* _Data extract_

☆ ☆ ☆ ☆

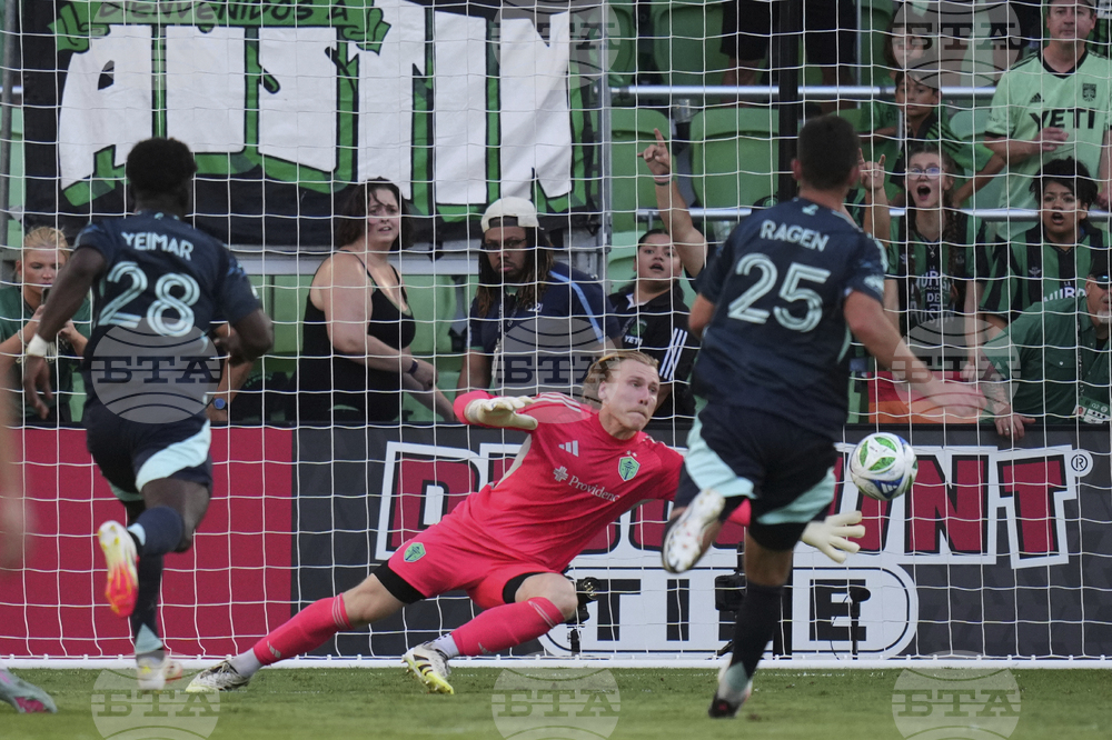 Seattle Sounders usa Andrew Thomas (26) can't block the ball as Austin FC scores during the first half of an MLS soccer match in Austin, Texas, Sunday, Sept. 21, 2025. (AP Photo/Eric Gay)
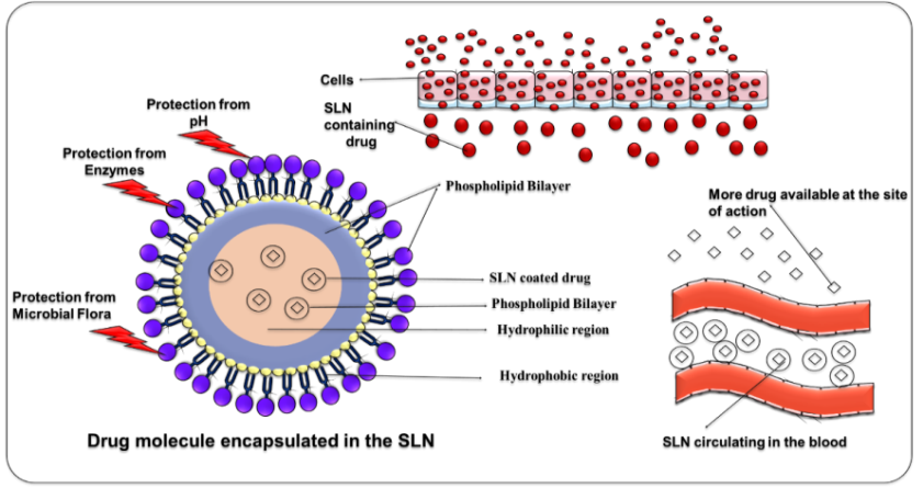 Fig. 1: The encapsulation of the drug in the SLNs increases the availability of the drug at the site of action (Source: Authors)
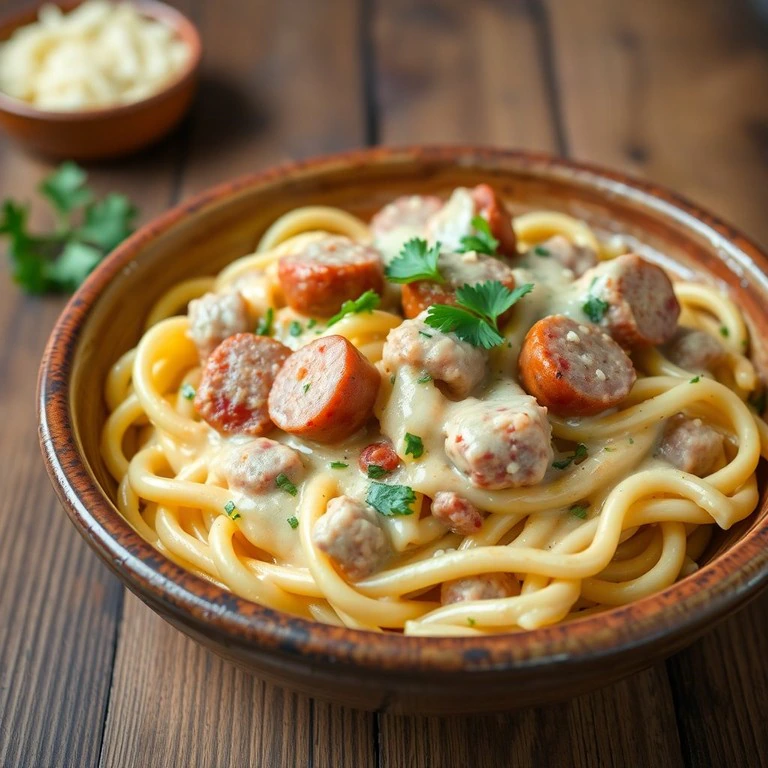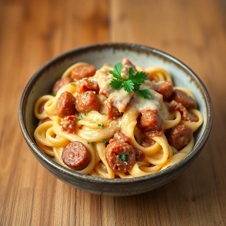 Macarrão Cremoso com Linguiça e Presunto
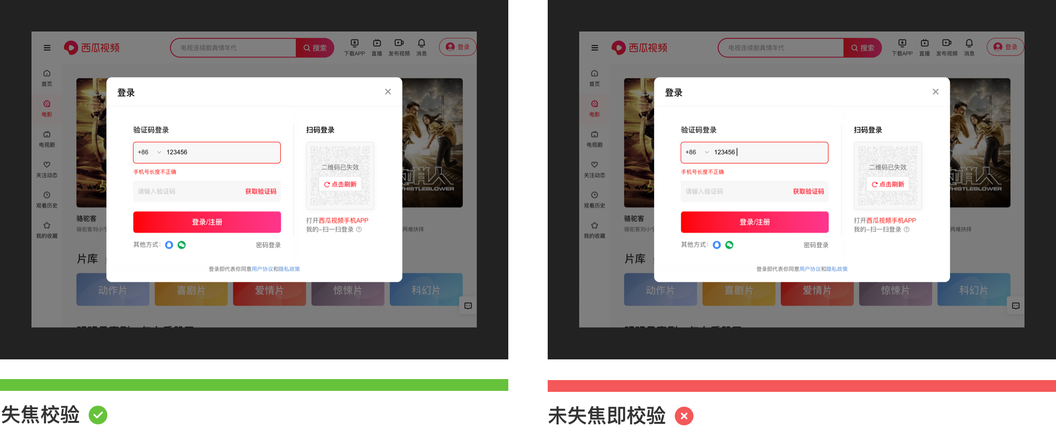 為了避免用戶在提交時表單時出現(xiàn)大面積的報錯問題,設(shè)計師可以使用實時校驗的交互形式。如:在用戶輸入完成之后鼠標(biāo)失焦后進(jìn)行信息校驗,但是需要注意的是在實時校驗時避免用戶還沒有輸入完成即出現(xiàn)校驗誤導(dǎo)用戶,所以需要準(zhǔn)確判斷鼠標(biāo)是否失焦。如下圖所示為西瓜視頻登錄注冊場景下的截圖:
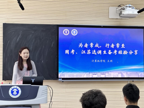 王玥学姐以自身参加国家公务员考试、江苏选调生考试及事业单位校园招聘的经历为切入口,详细介绍了不同类型公考的题型、备考策略及注意事项。她强调,备考应以“效率”为目标,注重实战演练和模拟考试,合理安排做题顺序。她讲解了江苏选调生、事业单位的报名、岗位要求及待遇,鼓励同学们结合自身情况,科学选择报考方向。
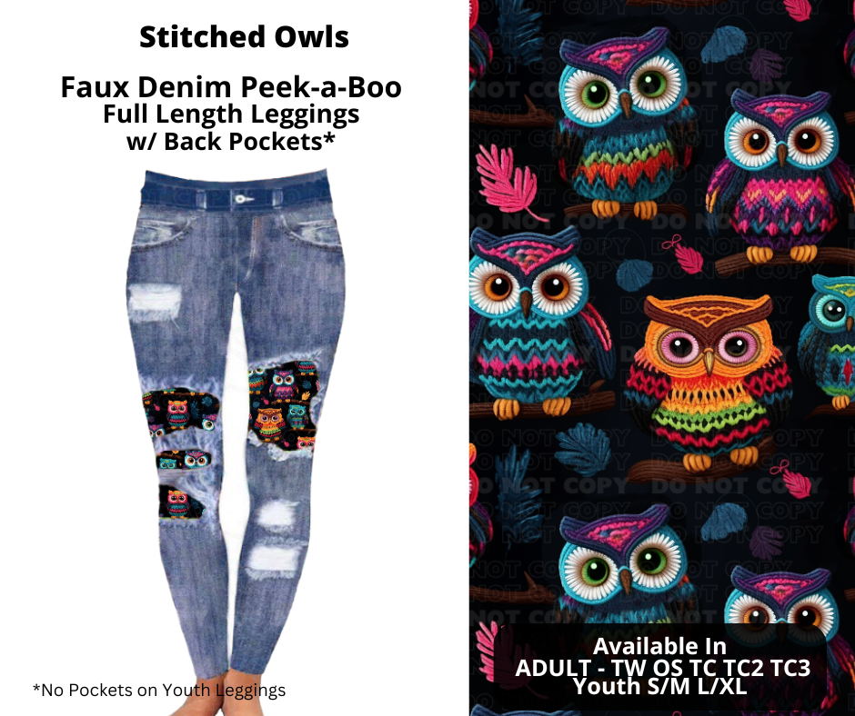 Stitched Owls Faux Denim Full Length Peekaboo Leggings
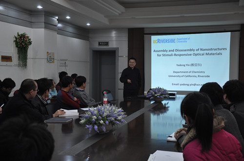 12月12日,应固体所青年联合会的邀请,美国加州大学河滨分校殷亚东教授作客第十四期学术论坛,并作了题为“受激响应纳米结构材料的组装与分离”(Assembly and Disassembly of Nanostructures for Stimuli-Responsive Material)的学术报告。固体所职工和研究生近百人参加了报告会。
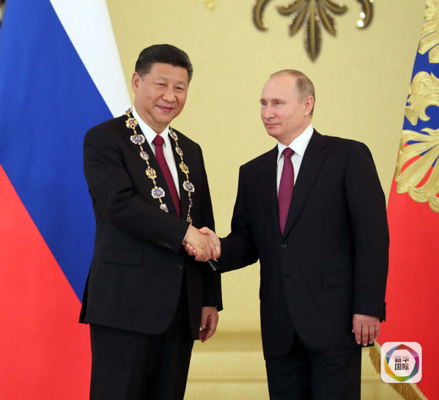 7月4日,國家主席習(xí)近平在莫斯科克里姆林宮同俄羅斯總統(tǒng)普京舉行會(huì)談。這是會(huì)談后,普京向習(xí)近平授予俄羅斯國家最高勛章“圣安德烈”勛章。新華社記者 劉衛(wèi)兵 攝
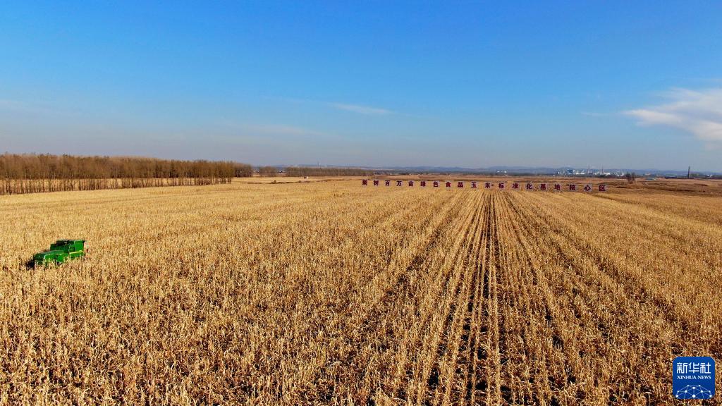在吉林省四平市梨樹(shù)縣國家百萬(wàn)畝綠色食品原料(玉米)標準化生產(chǎn)基地核心示范區,農民駕駛農機進(jìn)行秋收作業(yè)(10月28日攝,無(wú)人機照片)。
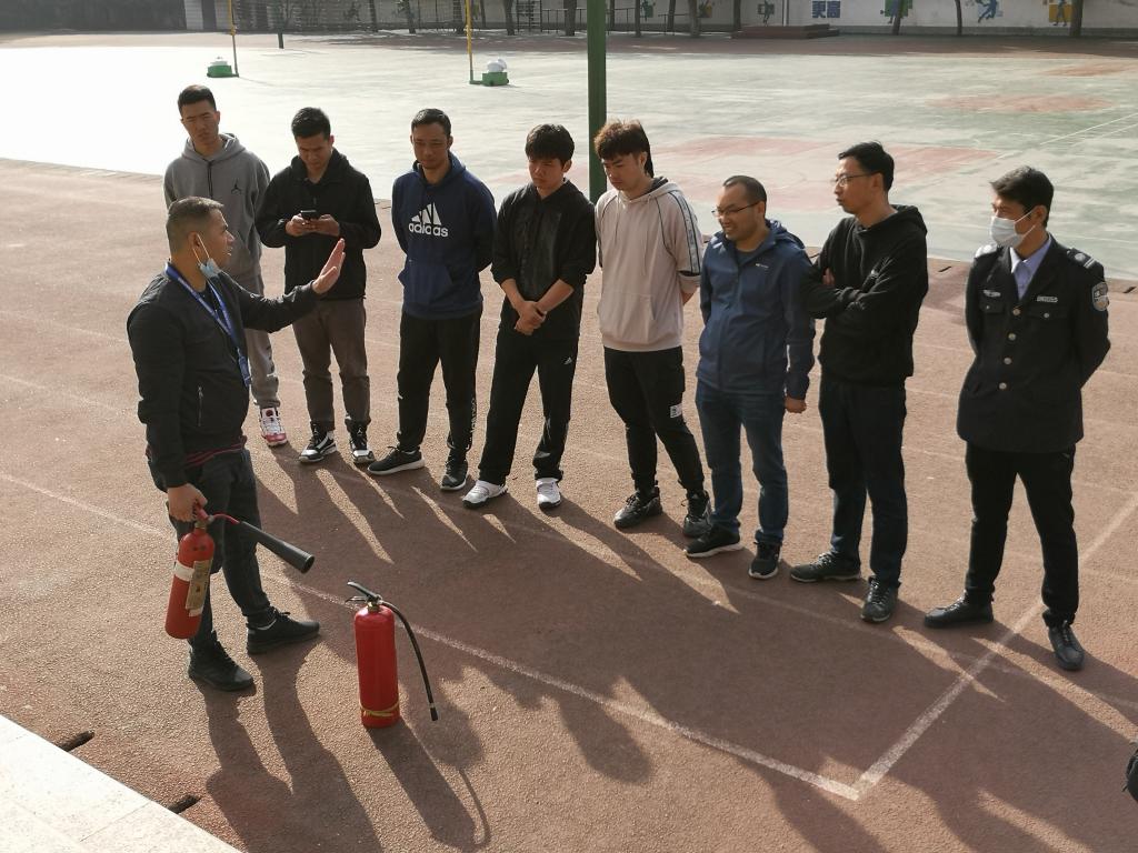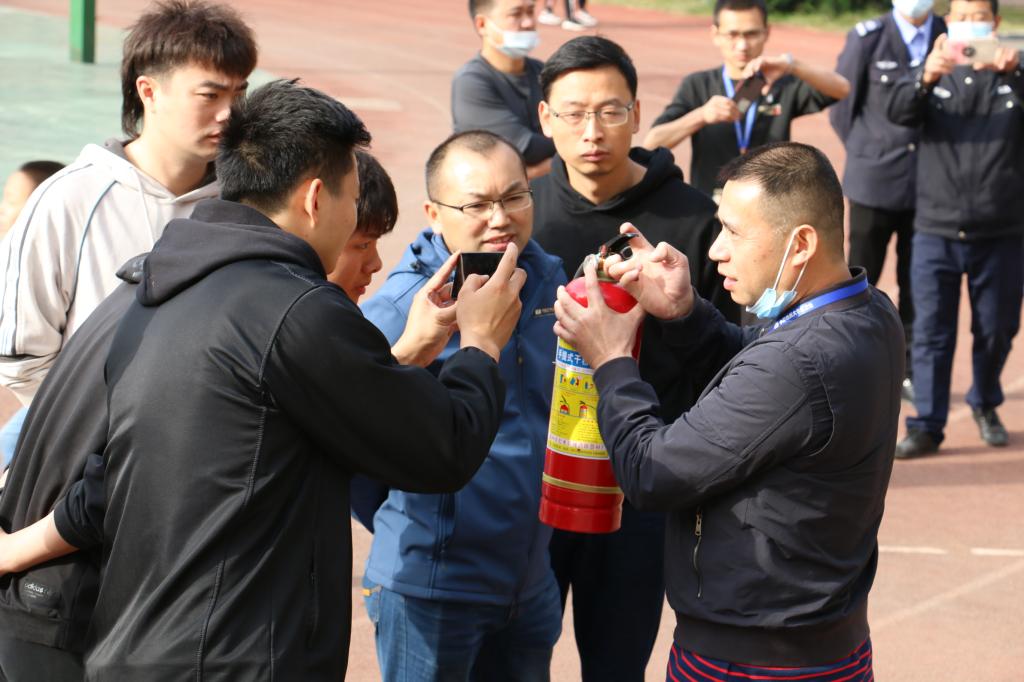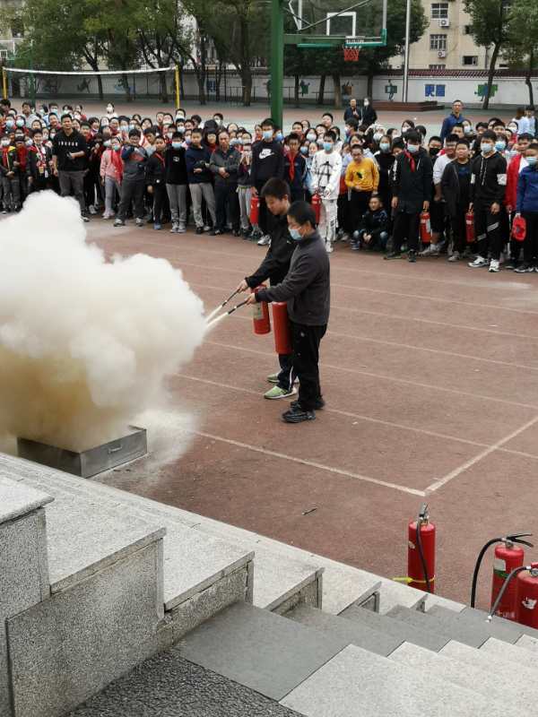当日下午,附校老师利用上午所学的消防知识,给中学生进行了消防培训及灭火器的使用和演练。
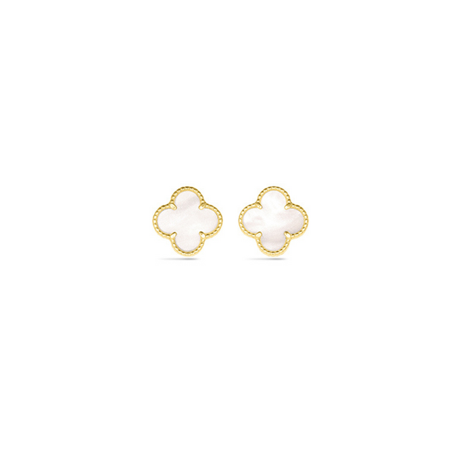 14 Karat Yellow Gold Italian White Mother of Pearl Quatrefoil Earrings

☆ ☆ ☆ ☆

* _What you will do_
Every line from the top of the entries through the line that holds "為了避免用戶在提交時表單時出" is to be quoted exactly, please, and nothing else; omit the pictures.

* _Exercise response_
 Seattle Sounders usa Andrew Thomas (26) can't block the ball as Austin FC scores during the first half of an MLS soccer match in Austin, Texas, Sunday, Sept. 21, 2025. (AP Photo/Eric Gay)
 Fig. 1: The encapsulation of the drug in the SLNs increases the availability of the drug at the site of action (Source: Authors)
 Macarrão Cremoso com Linguiça e Presunto
 為了避免用戶在提交時表單時出現(xiàn)大面積的報錯問題,設(shè)計師可以使用實時校驗的交互形式。如:在用戶輸入完成之后鼠標(biāo)失焦后進(jìn)行信息校驗,但是需要注意的是在實時校驗時避免用戶還沒有輸入完成即出現(xiàn)校驗誤導(dǎo)用戶,所以需要準(zhǔn)確判斷鼠標(biāo)是否失焦。如下圖所示為西瓜視頻登錄注冊場景下的截圖:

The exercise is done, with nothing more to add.